- Exercise prompt: Beginning with the line that contains "The paper presents" and ending with the last line of the records, write out each line exactly and omit the pictures.

----

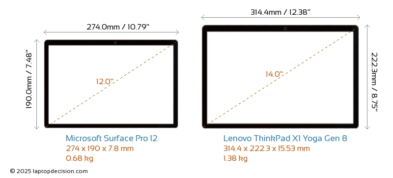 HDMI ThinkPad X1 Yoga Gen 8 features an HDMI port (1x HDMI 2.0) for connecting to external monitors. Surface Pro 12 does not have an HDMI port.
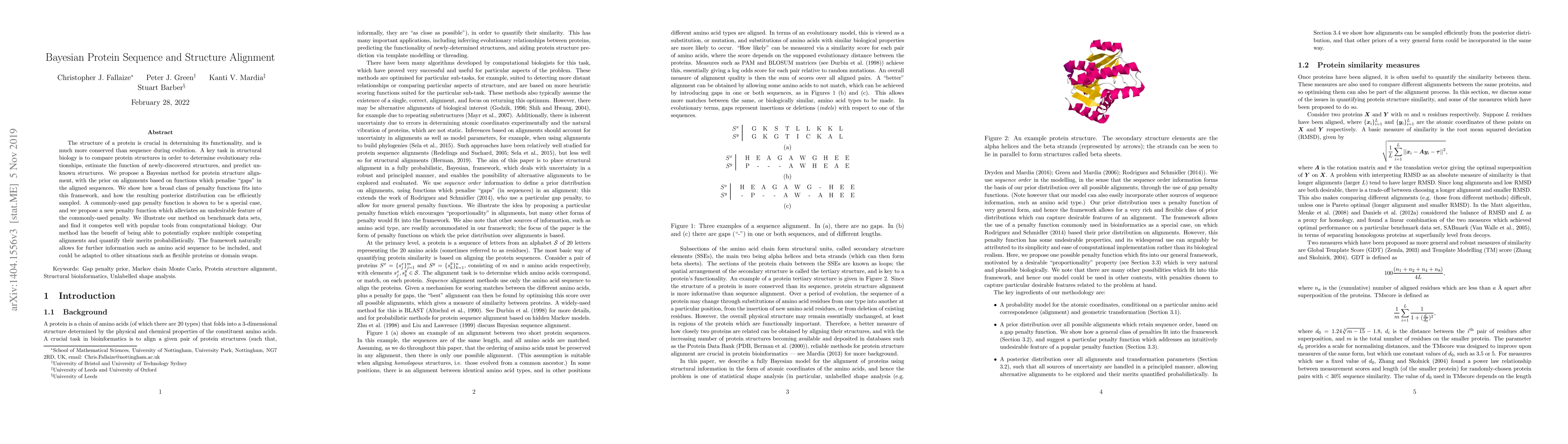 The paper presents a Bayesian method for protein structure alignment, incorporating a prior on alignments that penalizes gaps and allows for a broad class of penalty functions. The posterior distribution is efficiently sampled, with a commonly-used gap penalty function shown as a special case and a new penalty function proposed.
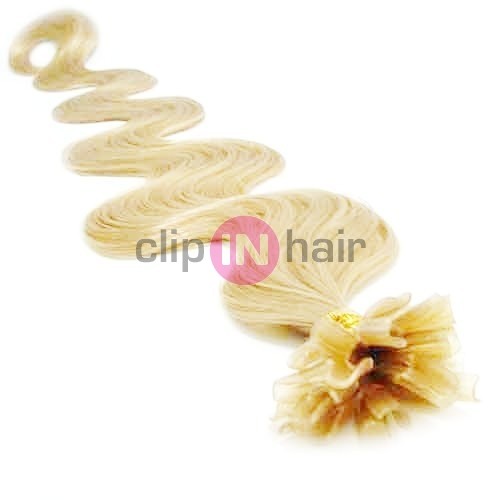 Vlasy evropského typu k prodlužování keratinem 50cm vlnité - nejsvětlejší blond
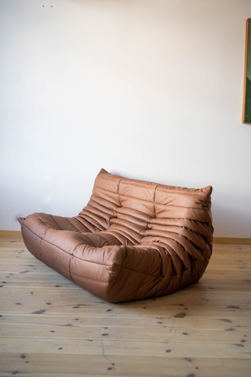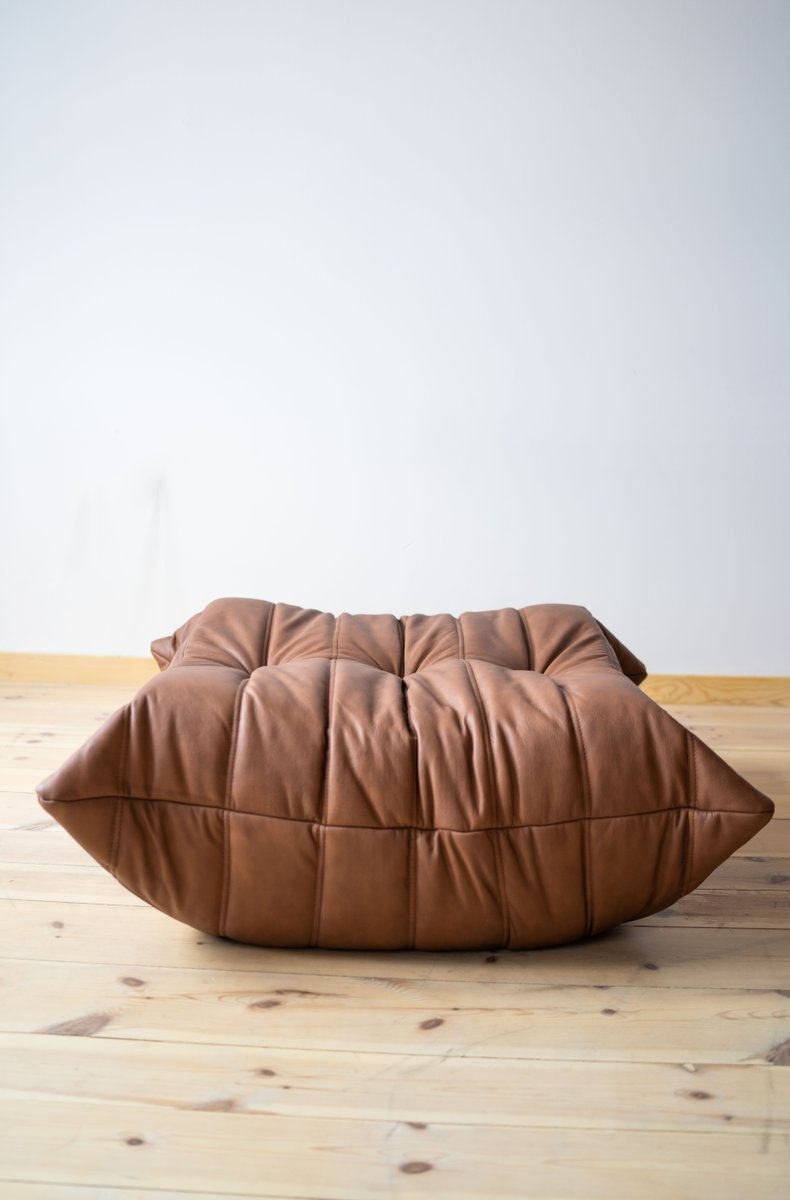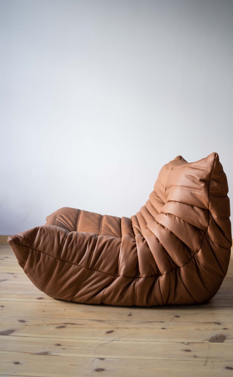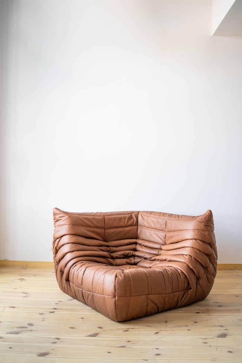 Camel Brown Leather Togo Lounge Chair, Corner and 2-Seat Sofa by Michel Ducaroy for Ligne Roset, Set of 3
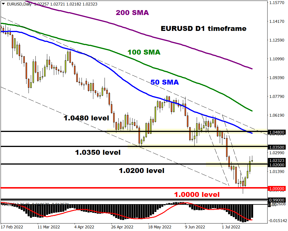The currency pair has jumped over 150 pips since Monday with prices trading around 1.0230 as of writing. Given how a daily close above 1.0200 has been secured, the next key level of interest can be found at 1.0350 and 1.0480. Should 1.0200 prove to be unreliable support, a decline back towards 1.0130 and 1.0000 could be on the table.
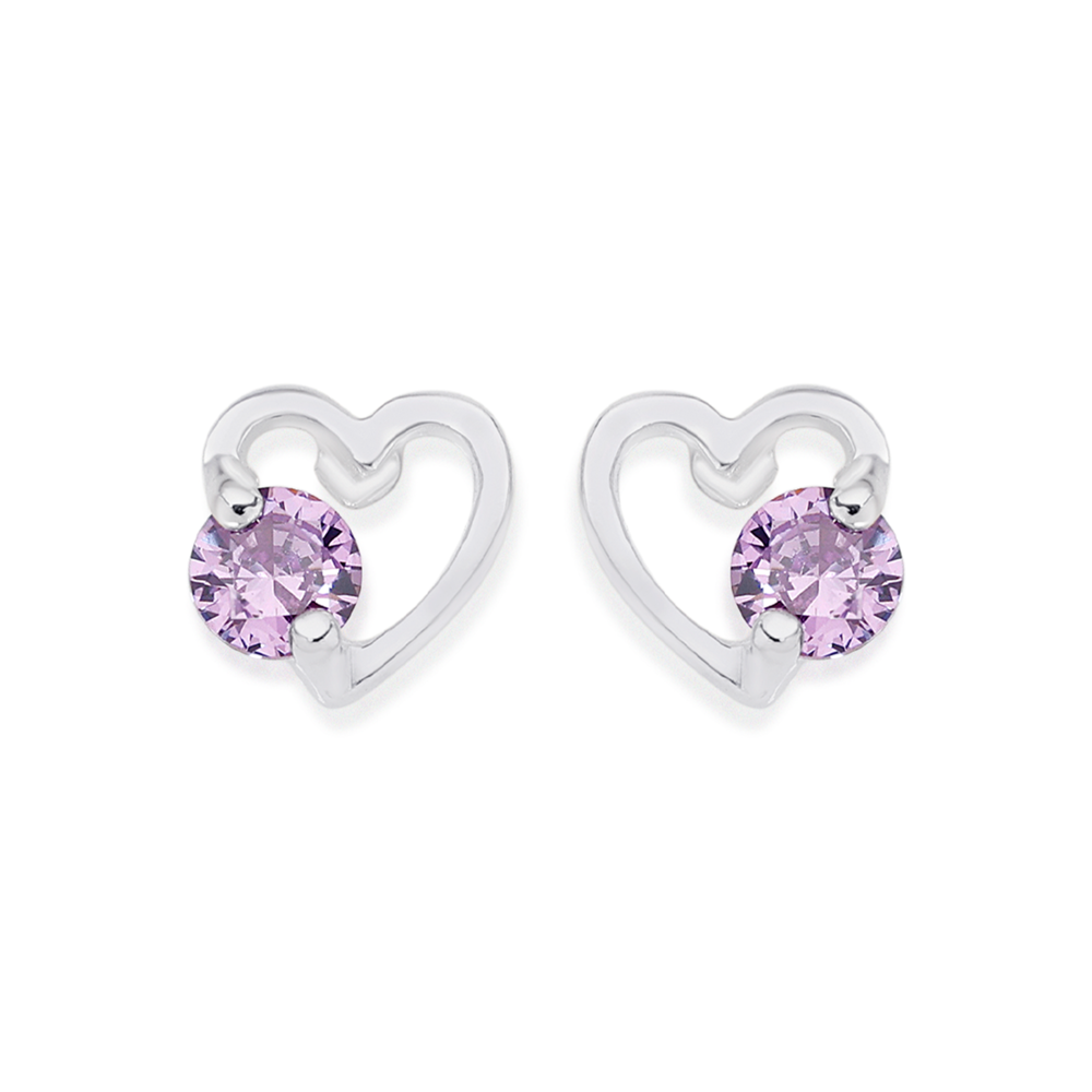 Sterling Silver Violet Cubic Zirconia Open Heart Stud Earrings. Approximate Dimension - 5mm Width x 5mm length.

----

- Result of this task:
 The paper presents a Bayesian method for protein structure alignment, incorporating a prior on alignments that penalizes gaps and allows for a broad class of penalty functions. The posterior distribution is efficiently sampled, with a commonly-used gap penalty function shown as a special case and a new penalty function proposed.
 Vlasy evropského typu k prodlužování keratinem 50cm vlnité - nejsvětlejší blond
 Camel Brown Leather Togo Lounge Chair, Corner and 2-Seat Sofa by Michel Ducaroy for Ligne Roset, Set of 3
The currency pair has jumped over 150 pips since Monday with prices trading around 1.0230 as of writing. Given how a daily close above 1.0200 has been secured, the next key level of interest can be found at 1.0350 and 1.0480. Should 1.0200 prove to be unreliable support, a decline back towards 1.0130 and 1.0000 could be on the table.
 Sterling Silver Violet Cubic Zirconia Open Heart Stud Earrings. Approximate Dimension - 5mm Width x 5mm length.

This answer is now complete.